_Provided material_
○ ○ ○

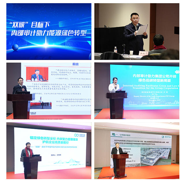 能源分论坛由中国石油天然气集团有限公司审计部副总经理、审计服务中心总经理于开敏主持,中国石化集团经济技术研究院有限公司总经理、党委副书记罗大清作题为《“双碳”目标下的能源化工产业转型发展》的专题报告,国家能源投资集团有限责任公司审计部副主任许娜、中国节能环保集团有限公司审计部主任王利娟、国家电网有限公司审计监管部审计二处处长王司博分别以《内部审计助力集团公司开创绿色低碳转型新局面》《锚定绿色转型坐标 内审聚力管理增效 护航企业高质量前行》《以高质量审计监督助力公司在服务能源绿色转型中发挥积极作用》为题发表演讲。
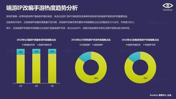 根据DataEye的调查显示,在2015年多款端游IP手游获得成功后,越来越多的端游厂商开始重视手游市场的价值,将旗下端游品牌延伸到移动领域成为部分端游厂商新的发展重心。通过直接的玩法复刻移植或题材、角色和世界观的引用改编等方式制作同名手游,以吸引端游老玩家关注与回归,并通过改编为多元化的细分玩法类型和持续不断的新产品迭代开发来迎合不同类型玩家的游戏需求。可以说,端游IP全面手游化已成为行业的发展趋势。
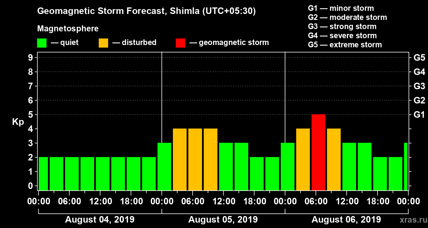 Geomagnetic activity forecast in Shimla — Aug 04, 2019
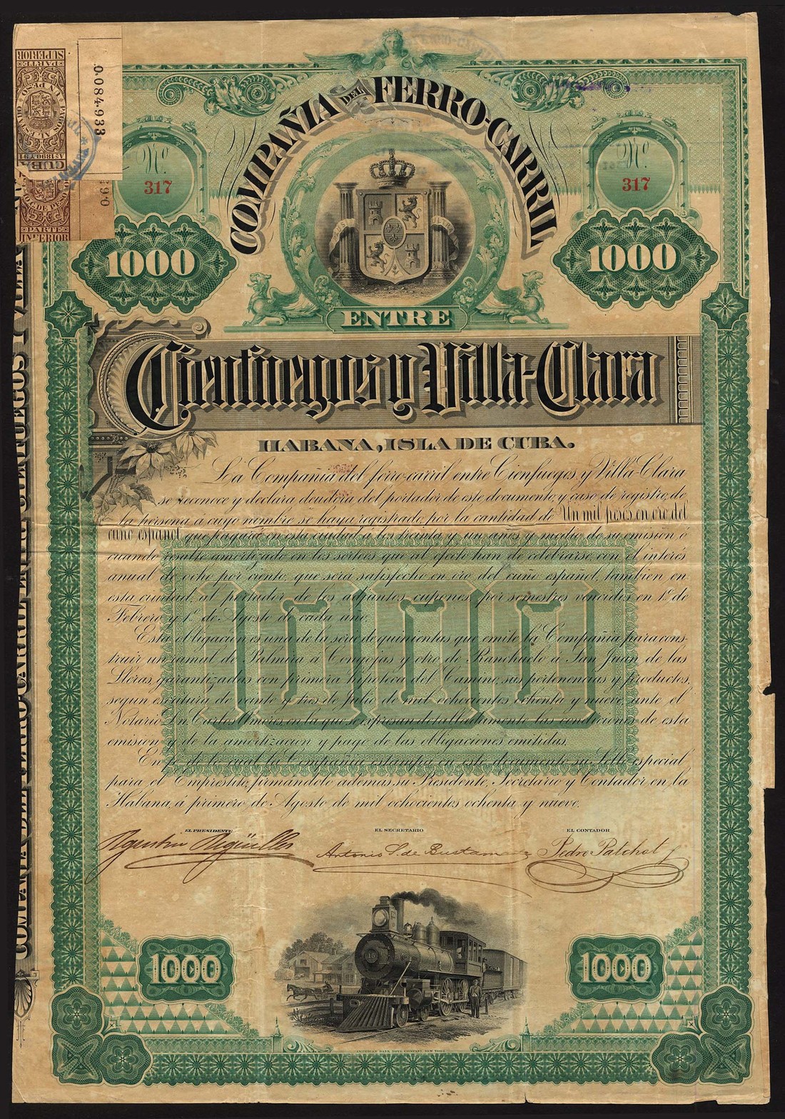 Compania del Ferro-Carril Cienfuegos y Villa-Clara, 8% bond, 1000 pesos, 1889, no.317, large format piece with steam train at bottom, Cuban arms at top, green and black, with coupons, folds, lightly toned overall but about very fine.
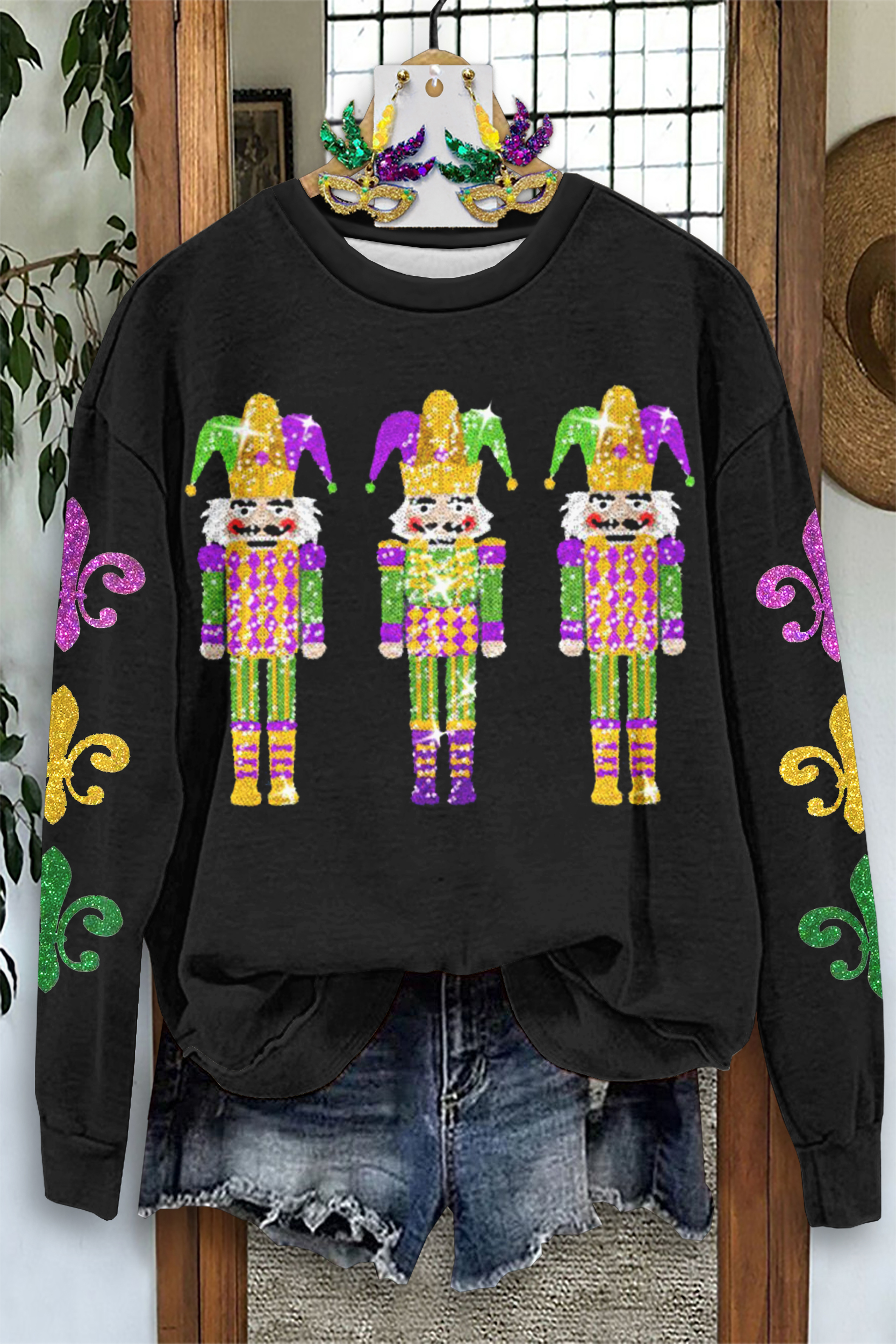 Classic Mardi Gras Nutcracker Print Sweatshirt
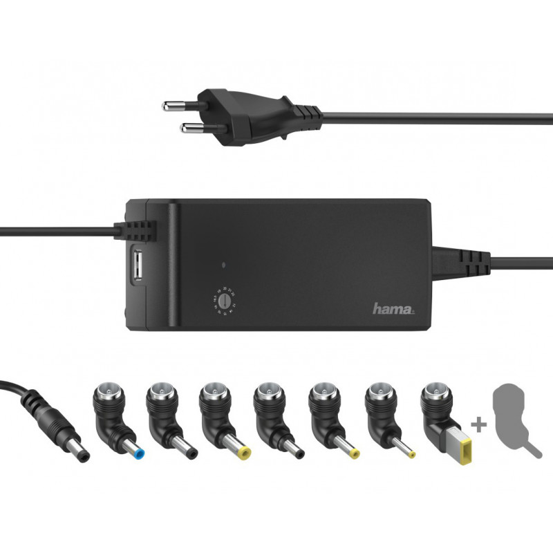 Блок питания Hama H-200004 автоматический 90W 12V-22V 8-connectors 4A 1xUSB от бытовой электросети

○ ○ ○

_Exercise_
Images are to be omitted; repeat the remaining data above exactly.

_Task solution_
 能源分论坛由中国石油天然气集团有限公司审计部副总经理、审计服务中心总经理于开敏主持,中国石化集团经济技术研究院有限公司总经理、党委副书记罗大清作题为《“双碳”目标下的能源化工产业转型发展》的专题报告,国家能源投资集团有限责任公司审计部副主任许娜、中国节能环保集团有限公司审计部主任王利娟、国家电网有限公司审计监管部审计二处处长王司博分别以《内部审计助力集团公司开创绿色低碳转型新局面》《锚定绿色转型坐标 内审聚力管理增效 护航企业高质量前行》《以高质量审计监督助力公司在服务能源绿色转型中发挥积极作用》为题发表演讲。
 根据DataEye的调查显示,在2015年多款端游IP手游获得成功后,越来越多的端游厂商开始重视手游市场的价值,将旗下端游品牌延伸到移动领域成为部分端游厂商新的发展重心。通过直接的玩法复刻移植或题材、角色和世界观的引用改编等方式制作同名手游,以吸引端游老玩家关注与回归,并通过改编为多元化的细分玩法类型和持续不断的新产品迭代开发来迎合不同类型玩家的游戏需求。可以说,端游IP全面手游化已成为行业的发展趋势。
 Geomagnetic activity forecast in Shimla — Aug 04, 2019
 Compania del Ferro-Carril Cienfuegos y Villa-Clara, 8% bond, 1000 pesos, 1889, no.317, large format piece with steam train at bottom, Cuban arms at top, green and black, with coupons, folds, lightly toned overall but about very fine.
 Classic Mardi Gras Nutcracker Print Sweatshirt
 Блок питания Hama H-200004 автоматический 90W 12V-22V 8-connectors 4A 1xUSB от бытовой электросети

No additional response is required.